Step S52: the current objective function value corresponding to each particle is compared according to the size.

In this embodiment, after the current objective function value corresponding to each particle in the initial population is obtained, the current objective function values corresponding to each particle may be compared according to the size, for example, the current objective function values are sorted from small to large.

Step S53: and determining the particle with the smallest current objective function value as the global optimal particle.

In this embodiment, since the objective of the energy storage system optimization configuration model in this embodiment is to reduce the system cost, the objective function of the energy storage system optimization configuration model may be determined by the system cost, and based on this, the particle with the smallest current objective function value in the initial population may be determined as the globally optimal particle in the initial population.

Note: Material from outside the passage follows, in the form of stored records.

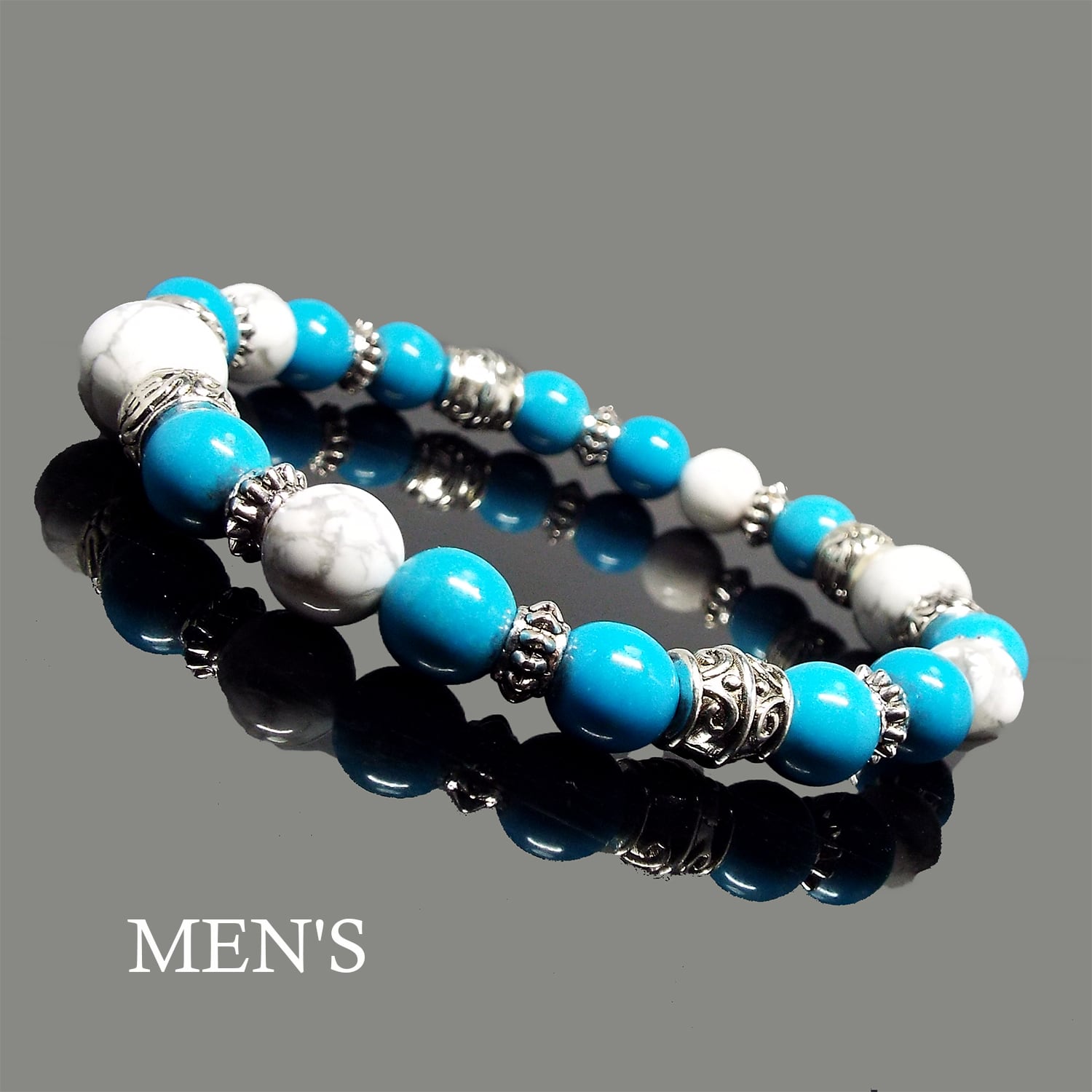 天然石 パワーストーン ブレスレット 夏恋 ターコイズ ホワイトターコイズ メンズ D3-41-2
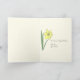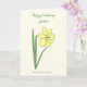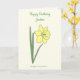 A light yellow birthday card with a botanical daffodil flower illustration in pastel colours (Narcissus pseudonarcissus) and customisable texts (top, bottom and inside): perfect to accompany a gift or to send to your best friend.
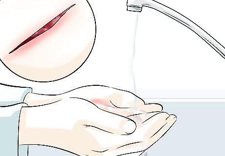 Clean it carefully. Run the wound under water, or gently wipe it with sterile cotton. If wiping, ensure to wipe from the center of the wound outward. Do this daily, especially, in the early stages of an acquired injury to speed up the scabbing process.
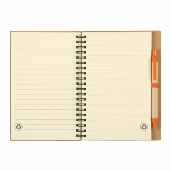 Get ready to make eco-friendly notes in style with our custom promotional Eco-Inspired Spiral Notebook & Pen! This trendy notebook features 60 lined pages that are perfect for jotting down your thoughts and ideas. The matching pen with a paper barrel is conveniently stored in an elastic pen loop, ensuring you always have a pen handy. Plus, with the recycling symbol proudly displayed on the bottom corner of the pages, you can feel good about choosing a sustainable option. Stay organized and stay green with this must-have notebook!

In this embodiment, the speed of the convergence algorithm can be greatly improved, and the flexibility of the optimal configuration method can be improved by determining the global optimal particles in the initial population by adopting the rapid non-dominant sorting technology.

In combination with the above embodiment, in an implementation manner, the present invention further provides a method for optimally configuring an energy storage system in consideration of uncertainty of renewable energy, where the initial parameters at least include: total number of particles, particle dimension, maximum number of iterations; and, the initial parameters may further include: the number of iterations k=1, the maximum inertial weight ω _max, the minimum inertial weight ω _min, the acceleration factor c ₁, the acceleration factor c ₂, the random number r ₁, the random number r ₂, and so on. In addition, in the present method, "optimizing the inertial weight of each particle" in the above-described step 4 may specifically include steps S61 to S63:

Step S61: and determining a new position of each particle according to the current particle position and particle speed of each particle and the global guidance cross mutation operation.

In this embodiment, the new position of each particle is determined according to the current particle position and particle data of each particle and the global pilot cross mutation operation, that is, the particle position is updated once through the global pilot cross mutation operation. Specifically, the new position of each particle can be determined by the above formula (3).

In this embodiment, the particle position and particle data for each particle are currently the particle position and data at the time of entering the present round of iteration. When the iteration is the initial iteration, that is, the iteration number is 1, the current particle position and particle data of each particle at this time are the particle position and particle speed of each particle generated randomly and obtained by initializing the particle.

Step S62: and determining the difference between each particle position and the global optimal particle position of the initial population according to the new position of each particle.

In this embodiment, after determining the new position of each particle according to the global guidance cross mutation operation, the difference between the particle position of each particle and the particle position of the globally optimal particle of the initial population may be determined according to the new position of each particle. Specifically, the difference between each particle position and the particle position of the globally optimal particle of the initial population may be determined by the above formula (1).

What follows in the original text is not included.